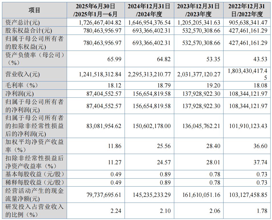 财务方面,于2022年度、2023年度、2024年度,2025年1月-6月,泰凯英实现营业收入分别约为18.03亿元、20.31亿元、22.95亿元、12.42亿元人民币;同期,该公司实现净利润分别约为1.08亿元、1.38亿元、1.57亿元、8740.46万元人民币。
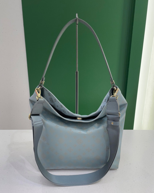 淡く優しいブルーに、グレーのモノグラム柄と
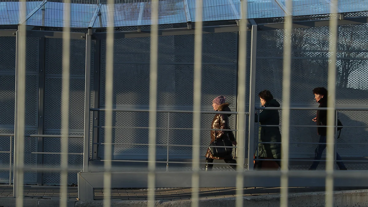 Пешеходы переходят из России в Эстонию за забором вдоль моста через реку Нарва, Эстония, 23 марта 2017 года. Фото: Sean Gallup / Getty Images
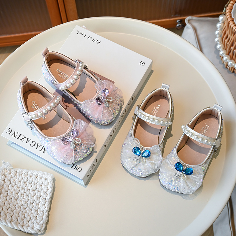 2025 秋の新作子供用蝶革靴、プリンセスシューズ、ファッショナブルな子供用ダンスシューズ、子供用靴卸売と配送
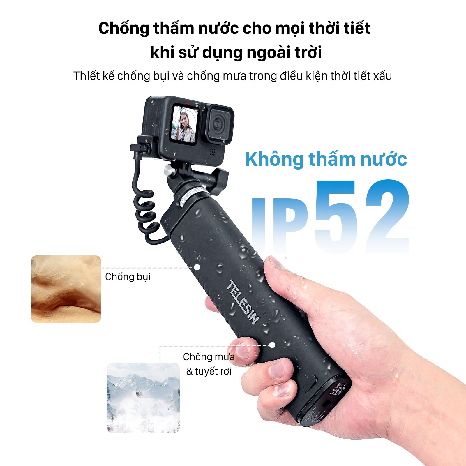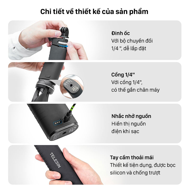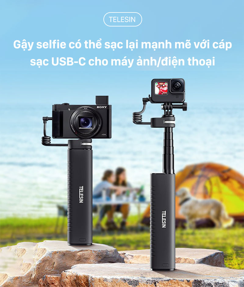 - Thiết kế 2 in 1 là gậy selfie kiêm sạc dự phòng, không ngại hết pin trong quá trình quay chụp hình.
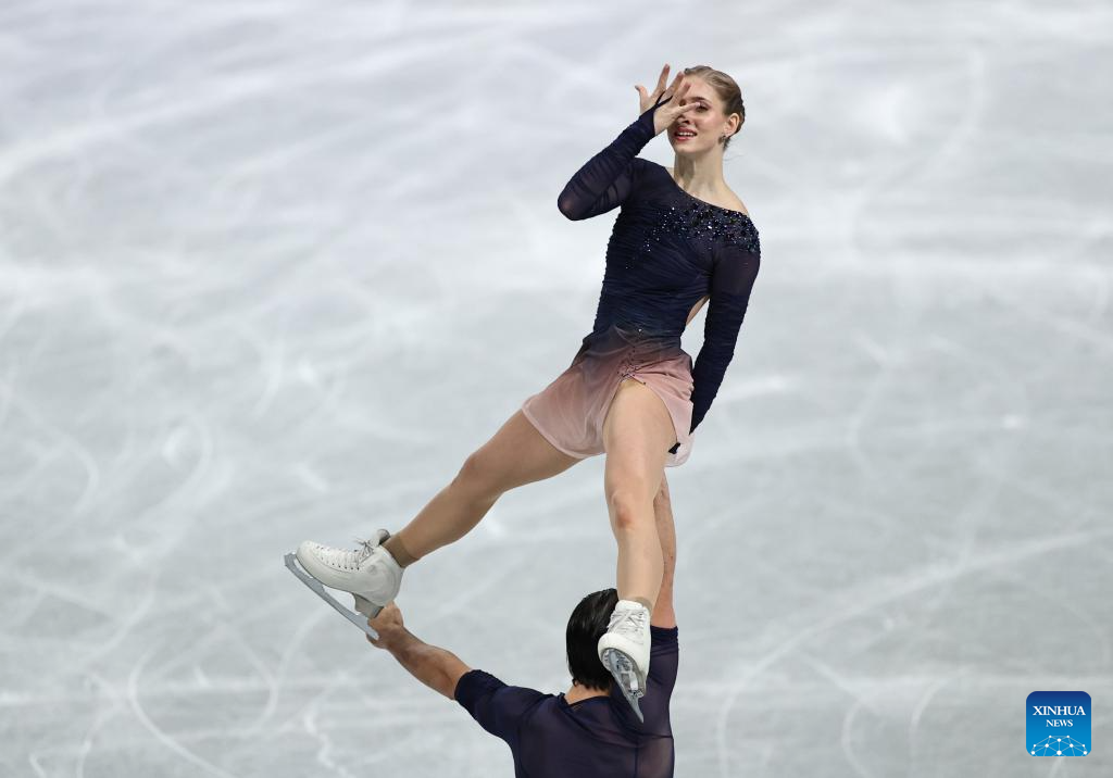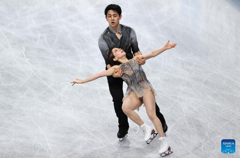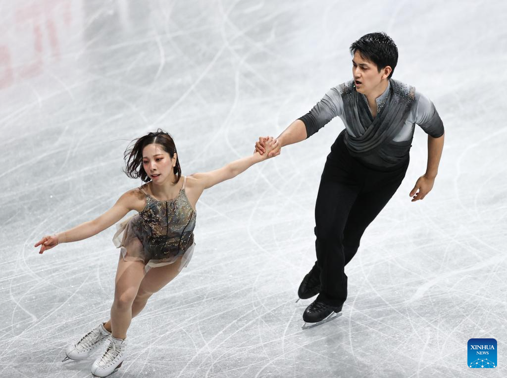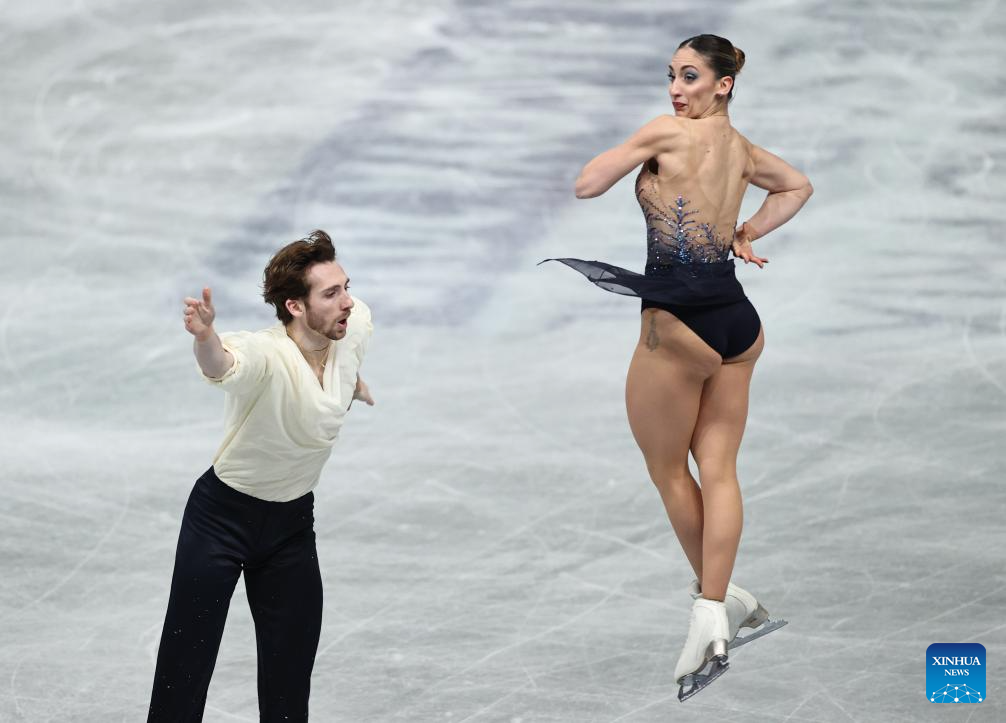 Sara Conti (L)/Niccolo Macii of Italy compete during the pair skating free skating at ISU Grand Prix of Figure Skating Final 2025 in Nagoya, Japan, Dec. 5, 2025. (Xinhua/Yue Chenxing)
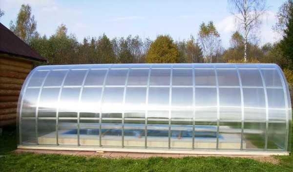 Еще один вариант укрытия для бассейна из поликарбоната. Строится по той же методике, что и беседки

============================================================

**Task details**
Skip the pictures and give the entries above again word for word.

**Response to this task**
 财务方面,于2022年度、2023年度、2024年度,2025年1月-6月,泰凯英实现营业收入分别约为18.03亿元、20.31亿元、22.95亿元、12.42亿元人民币;同期,该公司实现净利润分别约为1.08亿元、1.38亿元、1.57亿元、8740.46万元人民币。
 淡く優しいブルーに、グレーのモノグラム柄と
 Пешеходы переходят из России в Эстонию за забором вдоль моста через реку Нарва, Эстония, 23 марта 2017 года. Фото: Sean Gallup / Getty Images
 2025 秋の新作子供用蝶革靴、プリンセスシューズ、ファッショナブルな子供用ダンスシューズ、子供用靴卸売と配送
 - Thiết kế 2 in 1 là gậy selfie kiêm sạc dự phòng, không ngại hết pin trong quá trình quay chụp hình.
 Sara Conti (L)/Niccolo Macii of Italy compete during the pair skating free skating at ISU Grand Prix of Figure Skating Final 2025 in Nagoya, Japan, Dec. 5, 2025. (Xinhua/Yue Chenxing)
 Еще один вариант укрытия для бассейна из поликарбоната. Строится по той же методике, что и беседки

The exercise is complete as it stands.